Sen. Kamala Harris of California leads a letter to top Trump administration officials “expressing concern and demanding answers” over a reckless, Stephen Miller-led decision allowing unqualified Customs and Border Protection agents—“as opposed to highly trained asylum officers within USCIS”—to conduct some asylum interviews of vulnerable families fleeing gang violence and persecution.
The administration claimed it was stripping authority from some of these trained and experienced officers to these unqualified agents in response to families waiting at the southern border, but as the senators noted in their letter, internal emails revealed Miller believes Border Patrol will be tougher on these families. “Miller and other administration officials have reportedly sought the change because they were outraged by the rate at which individuals passed their initial screenings.”
To have the same Border Patrol that takes vulnerable families into custody then conduct a credible fear interview, advocates have previously said, “is like having an arresting police officer also sit as the judge.” But it’s also Border Patrol’s “history of misconduct and anti-immigrant sentiment,” the senators tell Homeland Security, U.S. Citizenship and Immigration Services, and CBP, that should disqualify agents from conducting interviews.
In just the past year alone, Border Patrol agents have been accused of sexually and verbally abusing detained children, have pleaded guilty to assaulting migrants, have wrongfully jailed a U.S. citizen, have continued to separate families at the border in violation of a federal judge’s court order, and have been members of a racist and violent Facebook group that mocked the death of a migrant child under custody.
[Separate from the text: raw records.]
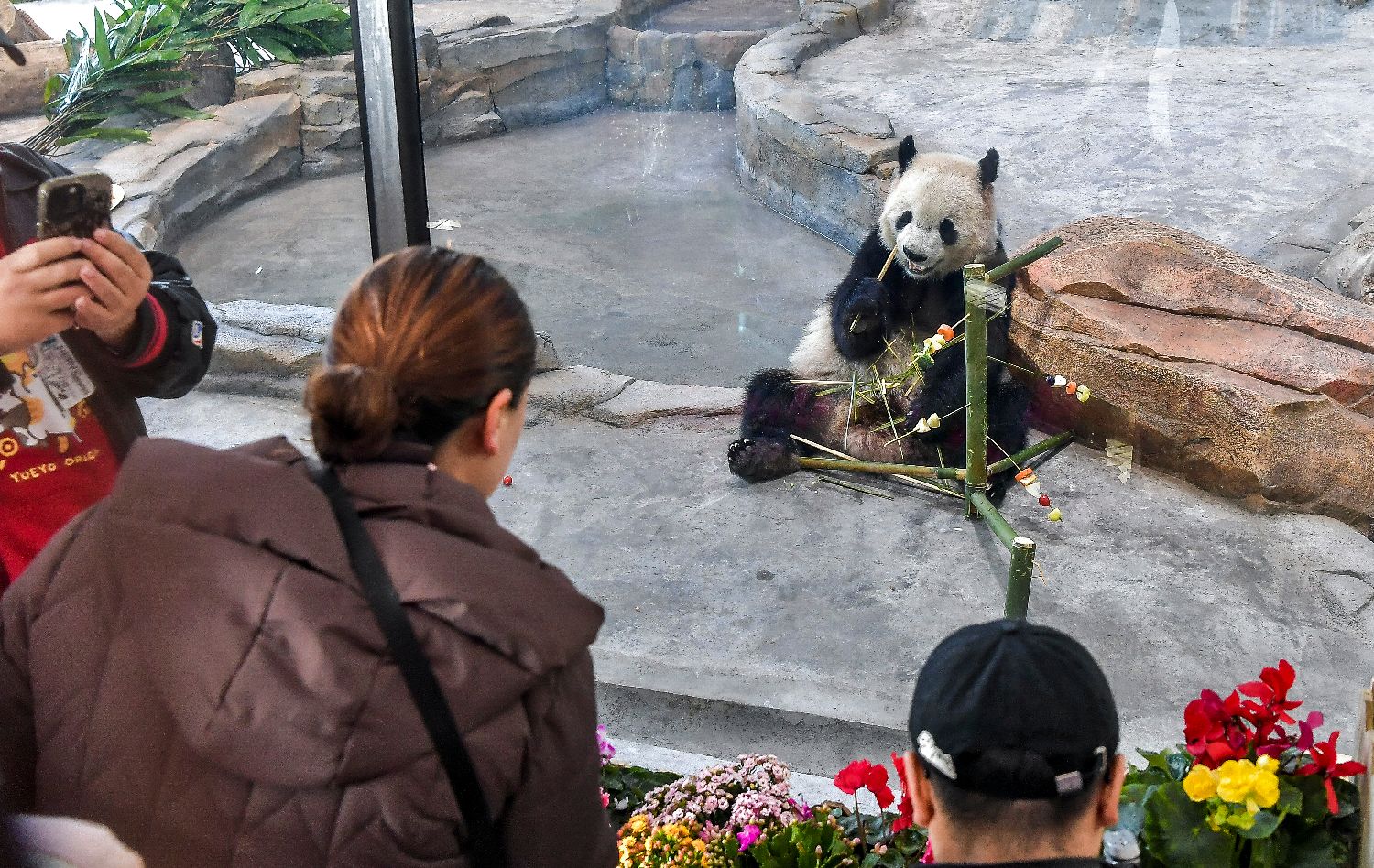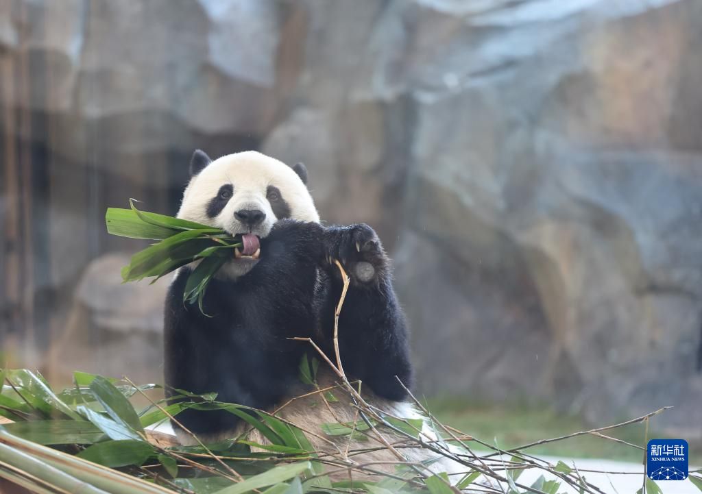 2月19日,新疆乌鲁木齐市水上乐园动物园试营业,该动物园大熊猫馆的两只国宝大熊猫“宝元”“德瑞”也正式与公众见面,为新春佳节增添独特的“萌趣”体验。2月5日,来自中国大熊猫保护研究中心的“宝元”“德瑞”从成都搭乘航班顺利抵达乌鲁木齐。图为大熊猫“宝元”品尝工作人员特意准备的新春大餐。中新社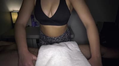 Voici un massage érotique qui doit être des plus excitants ! En tout cas il a une bonne trique et madame va venir s'en occuper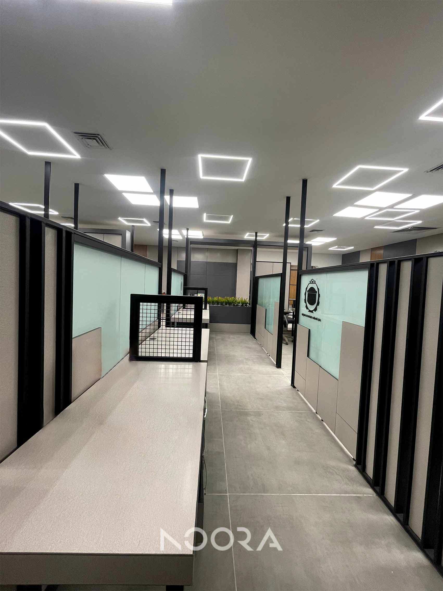 ساختمان فولاد توسط گروه معماری شهرزاد اسدی طراحی شده است. این ساختمان بسیار زیبا در شهر بردسیر کرمان واقع شده و شرکت مهندسی روشنایی نورا به عنوان تامین کننده ی سیستم روشنایی در این پروژه افتخار همکاری داشته است. در این پروژه از چراغ های متنوعی از جمله پنل سقفی مربع مدل های اسکای و میکرو ، صفحه کشسان و چراغ ریلی پورتو استفاده شده است. در ادامه تصاویر مربوط به این پروژه ی زیبا را مشاهده خواهید کرد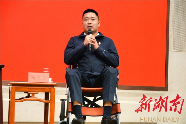 5月14日下午3时,中共中央宣传部举行中外记者见面会,请4位新时代残疾人事业领域党员代表与中外记者见面交流。4位新时代残疾人代表中,有一位来自湖南长沙,他就是长沙市天心区暮云街道残疾人专职委员汤俊杰。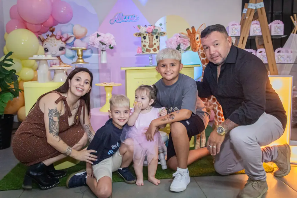 Eduardo Ramos y Rocío Acosta; sus hermanos: Santino Ramos y Constantino Echeverría; Padrinos: Ricardo Acosta y Giovanna Servetti, familiares y amigos en Complejo Arambarri.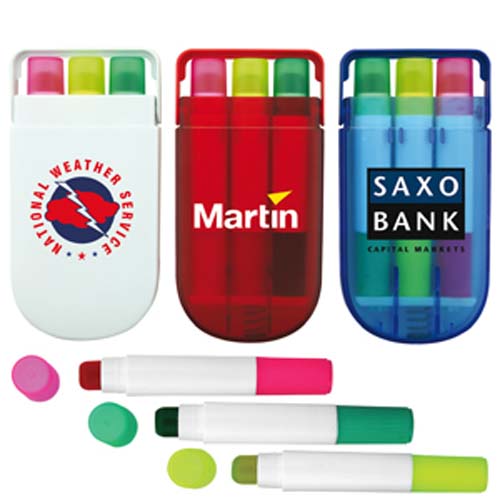 A set of 3 gel highlighters in a carrying case. The tip is formulated from a special gel so they will not smudge or dry out like other highlighters. This gives them an extremely long shelf life.

In the year before that, agents were also caught on film destroying lifesaving jugs of water left for dying migrants in the desert.
“Because of CBP’s law enforcement mission and history of anti-immigrant sentiment, CBP agents are not equipped to apply our laws and regulations to vulnerable individuals seeking our protection,” Democratic Senators Patrick Leahy of Vermont, Ed Markey of Massachusetts, Amy Klobuchar of Minnesota, Elizabeth Warren of Massachusetts, Bernie Sanders of Vermont, Mazie Hirono of Hawaii, Kirsten Gillibrand of New York, Richard Blumenthal of Connecticut, Michael Bennet of Colorado, Cory Booker of New Jersey, Robert Menendez of New Jersey, Jeff Merkley of Oregon, and Patty Murray of Washington say. “The change endangers the lives of countless vulnerable individuals, including children.”